→ **RECORDS FOR THIS TASK**:
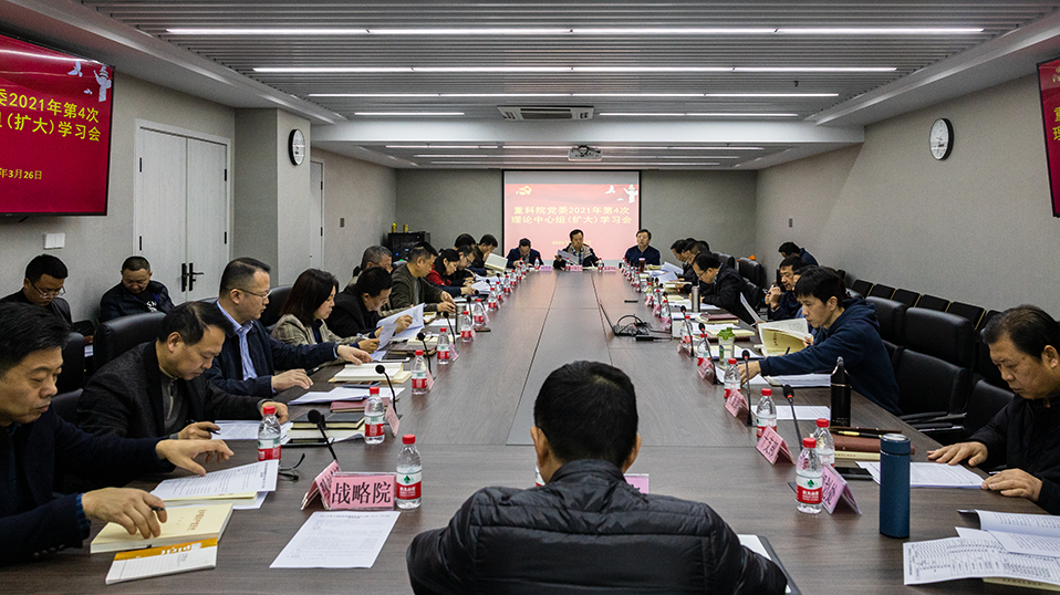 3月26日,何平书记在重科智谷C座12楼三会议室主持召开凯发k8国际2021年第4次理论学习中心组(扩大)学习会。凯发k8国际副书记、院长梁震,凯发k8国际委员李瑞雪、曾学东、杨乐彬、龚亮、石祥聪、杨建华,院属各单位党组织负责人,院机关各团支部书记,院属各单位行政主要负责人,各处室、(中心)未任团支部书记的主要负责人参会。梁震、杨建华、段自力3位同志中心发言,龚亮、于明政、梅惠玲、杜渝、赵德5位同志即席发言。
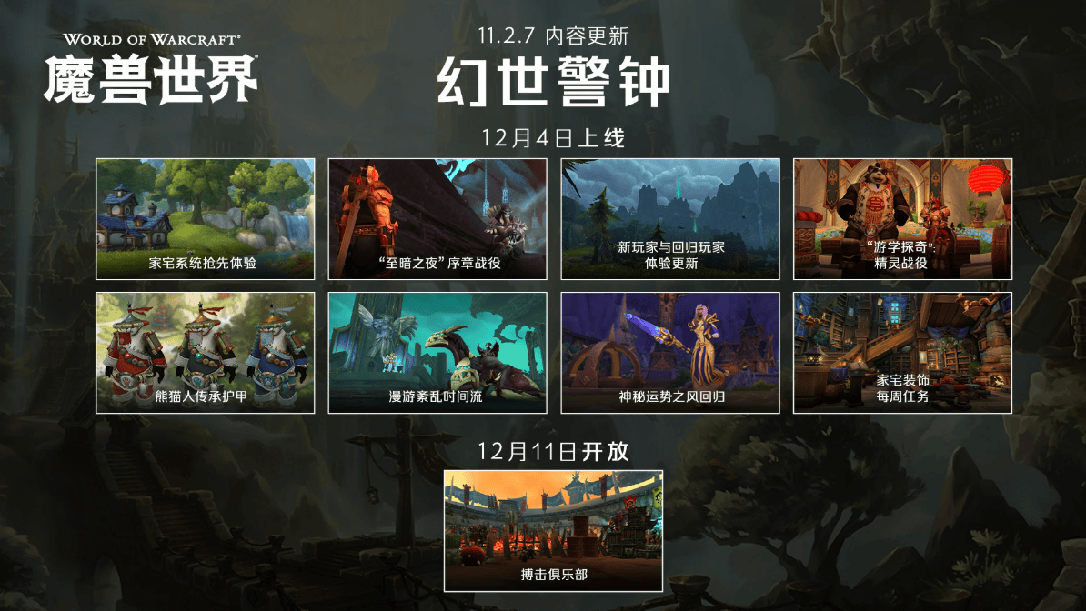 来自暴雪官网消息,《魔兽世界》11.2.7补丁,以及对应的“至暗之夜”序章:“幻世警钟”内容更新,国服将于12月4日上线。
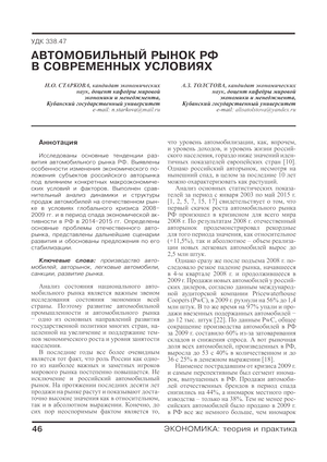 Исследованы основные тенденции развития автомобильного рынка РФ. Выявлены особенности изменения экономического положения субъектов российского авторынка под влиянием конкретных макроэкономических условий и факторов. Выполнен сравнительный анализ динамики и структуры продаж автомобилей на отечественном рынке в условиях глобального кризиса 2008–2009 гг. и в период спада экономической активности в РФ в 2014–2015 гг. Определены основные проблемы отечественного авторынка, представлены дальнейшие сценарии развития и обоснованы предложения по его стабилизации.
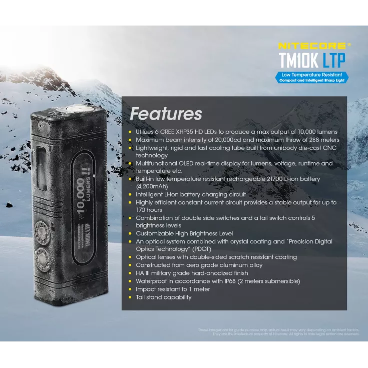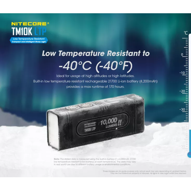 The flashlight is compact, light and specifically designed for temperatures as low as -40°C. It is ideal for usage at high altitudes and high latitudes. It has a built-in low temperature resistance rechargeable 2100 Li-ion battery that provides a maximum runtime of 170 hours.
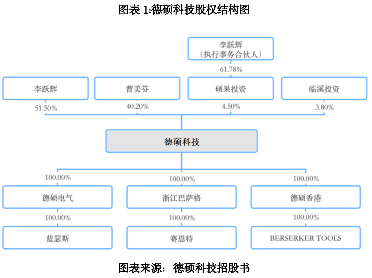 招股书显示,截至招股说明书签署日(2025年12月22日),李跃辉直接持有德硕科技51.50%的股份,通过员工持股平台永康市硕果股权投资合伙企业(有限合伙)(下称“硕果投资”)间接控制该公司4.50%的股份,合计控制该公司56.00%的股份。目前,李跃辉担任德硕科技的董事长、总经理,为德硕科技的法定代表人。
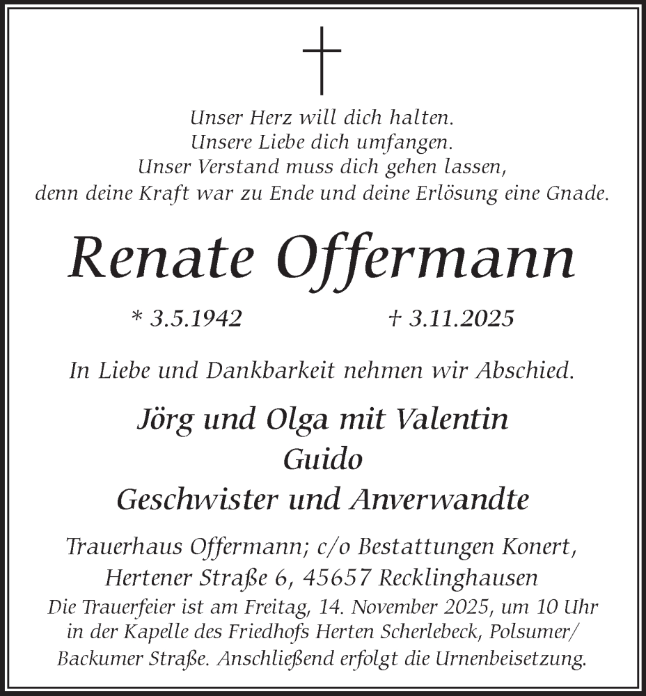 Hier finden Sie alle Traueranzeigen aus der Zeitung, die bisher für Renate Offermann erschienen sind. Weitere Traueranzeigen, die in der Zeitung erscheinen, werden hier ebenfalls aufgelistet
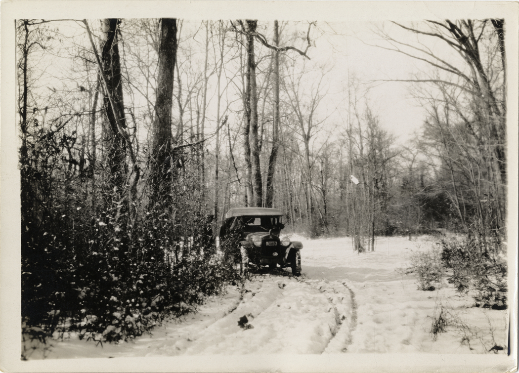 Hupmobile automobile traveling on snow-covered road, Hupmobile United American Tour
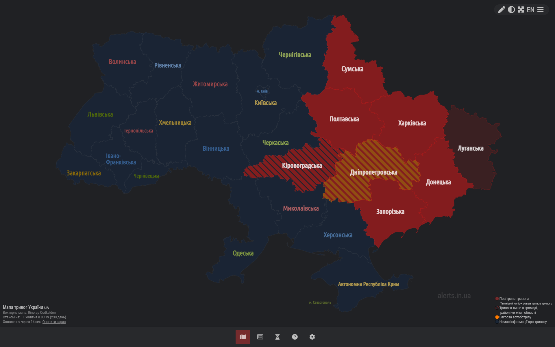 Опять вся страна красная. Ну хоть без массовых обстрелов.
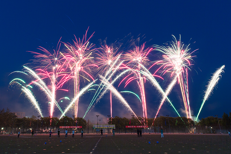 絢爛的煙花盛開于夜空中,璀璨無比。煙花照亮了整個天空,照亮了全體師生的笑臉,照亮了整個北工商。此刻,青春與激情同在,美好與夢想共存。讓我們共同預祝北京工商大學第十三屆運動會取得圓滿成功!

→ **WHAT YOU ARE ASKED TO DO**: Transcribe the entries above verbatim, omitting their pictures.

→ **EXERCISE RESULT**:
 3月26日,何平书记在重科智谷C座12楼三会议室主持召开凯发k8国际2021年第4次理论学习中心组(扩大)学习会。凯发k8国际副书记、院长梁震,凯发k8国际委员李瑞雪、曾学东、杨乐彬、龚亮、石祥聪、杨建华,院属各单位党组织负责人,院机关各团支部书记,院属各单位行政主要负责人,各处室、(中心)未任团支部书记的主要负责人参会。梁震、杨建华、段自力3位同志中心发言,龚亮、于明政、梅惠玲、杜渝、赵德5位同志即席发言。
 来自暴雪官网消息,《魔兽世界》11.2.7补丁,以及对应的“至暗之夜”序章:“幻世警钟”内容更新,国服将于12月4日上线。
 Исследованы основные тенденции развития автомобильного рынка РФ. Выявлены особенности изменения экономического положения субъектов российского авторынка под влиянием конкретных макроэкономических условий и факторов. Выполнен сравнительный анализ динамики и структуры продаж автомобилей на отечественном рынке в условиях глобального кризиса 2008–2009 гг. и в период спада экономической активности в РФ в 2014–2015 гг. Определены основные проблемы отечественного авторынка, представлены дальнейшие сценарии развития и обоснованы предложения по его стабилизации.
 The flashlight is compact, light and specifically designed for temperatures as low as -40°C. It is ideal for usage at high altitudes and high latitudes. It has a built-in low temperature resistance rechargeable 2100 Li-ion battery that provides a maximum runtime of 170 hours.
 招股书显示,截至招股说明书签署日(2025年12月22日),李跃辉直接持有德硕科技51.50%的股份,通过员工持股平台永康市硕果股权投资合伙企业(有限合伙)(下称“硕果投资”)间接控制该公司4.50%的股份,合计控制该公司56.00%的股份。目前,李跃辉担任德硕科技的董事长、总经理,为德硕科技的法定代表人。
 Hier finden Sie alle Traueranzeigen aus der Zeitung, die bisher für Renate Offermann erschienen sind. Weitere Traueranzeigen, die in der Zeitung erscheinen, werden hier ebenfalls aufgelistet
 Hupmobile automobile traveling on snow-covered road, Hupmobile United American Tour
 Опять вся страна красная. Ну хоть без массовых обстрелов.
 絢爛的煙花盛開于夜空中,璀璨無比。煙花照亮了整個天空,照亮了全體師生的笑臉,照亮了整個北工商。此刻,青春與激情同在,美好與夢想共存。讓我們共同預祝北京工商大學第十三屆運動會取得圓滿成功!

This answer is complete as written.